The lines to print run from the top of the material below to the line with "Tiger lies on", inclusive; please copy them exactly, without pictures.

Material provided:
# # # # # # #

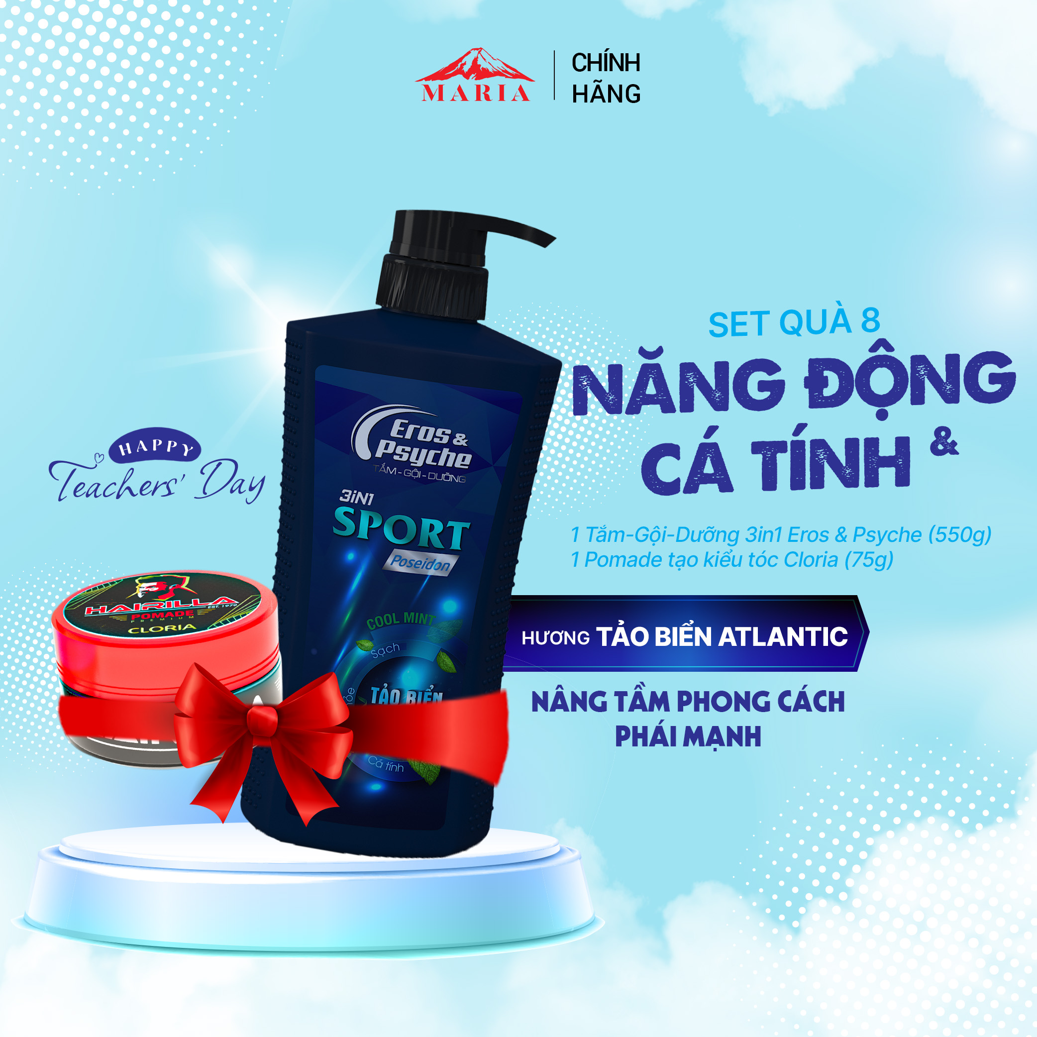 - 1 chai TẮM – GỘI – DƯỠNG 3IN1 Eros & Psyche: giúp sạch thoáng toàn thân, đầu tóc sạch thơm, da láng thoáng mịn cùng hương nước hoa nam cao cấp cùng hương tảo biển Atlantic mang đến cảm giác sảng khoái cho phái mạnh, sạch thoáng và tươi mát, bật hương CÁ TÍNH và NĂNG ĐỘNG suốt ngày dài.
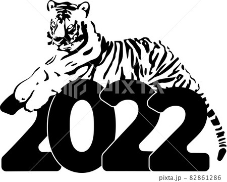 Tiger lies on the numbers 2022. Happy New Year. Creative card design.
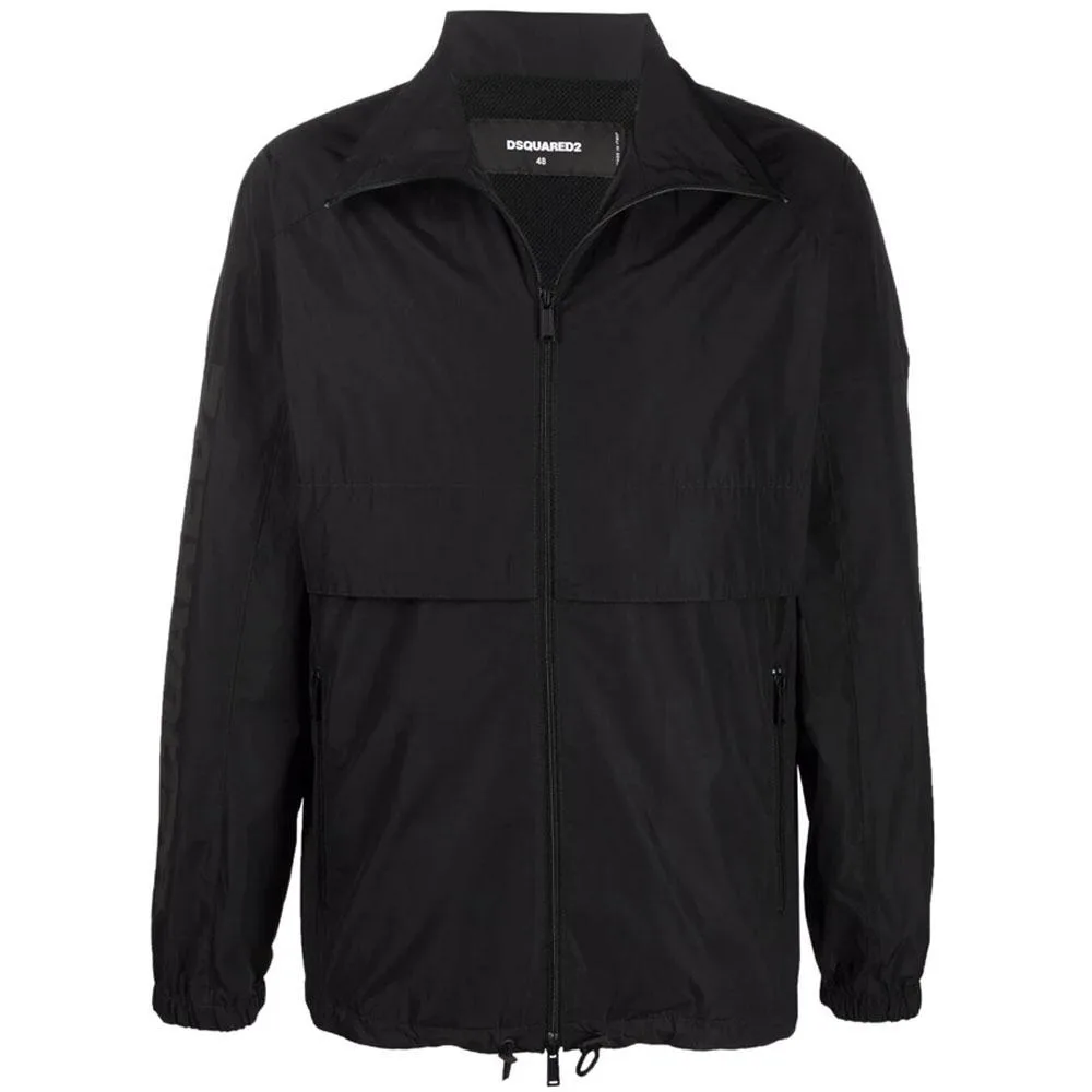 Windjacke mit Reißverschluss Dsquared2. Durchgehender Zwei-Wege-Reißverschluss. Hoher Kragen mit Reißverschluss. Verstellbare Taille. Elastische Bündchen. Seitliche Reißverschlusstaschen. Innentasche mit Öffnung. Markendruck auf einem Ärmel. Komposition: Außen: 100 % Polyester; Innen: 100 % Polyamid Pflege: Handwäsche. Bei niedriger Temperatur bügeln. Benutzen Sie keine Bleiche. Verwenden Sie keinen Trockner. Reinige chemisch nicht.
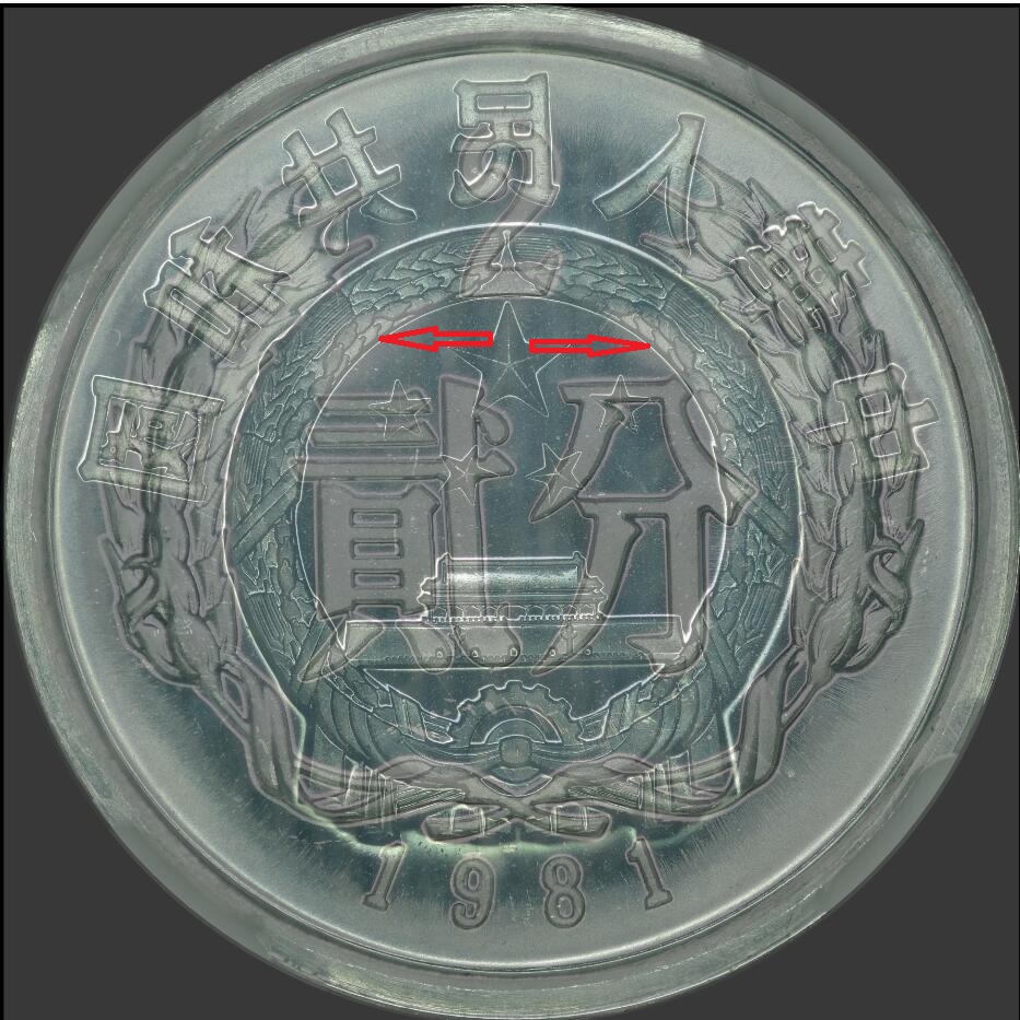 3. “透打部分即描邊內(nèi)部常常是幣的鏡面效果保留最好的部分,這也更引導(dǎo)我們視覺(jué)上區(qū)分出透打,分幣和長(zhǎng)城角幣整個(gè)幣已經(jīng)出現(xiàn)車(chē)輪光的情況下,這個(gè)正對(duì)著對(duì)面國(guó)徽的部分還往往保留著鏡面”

# # # # # # #

Answer to this problem:
 - 1 chai TẮM – GỘI – DƯỠNG 3IN1 Eros & Psyche: giúp sạch thoáng toàn thân, đầu tóc sạch thơm, da láng thoáng mịn cùng hương nước hoa nam cao cấp cùng hương tảo biển Atlantic mang đến cảm giác sảng khoái cho phái mạnh, sạch thoáng và tươi mát, bật hương CÁ TÍNH và NĂNG ĐỘNG suốt ngày dài.
 Tiger lies on the numbers 2022. Happy New Year. Creative card design.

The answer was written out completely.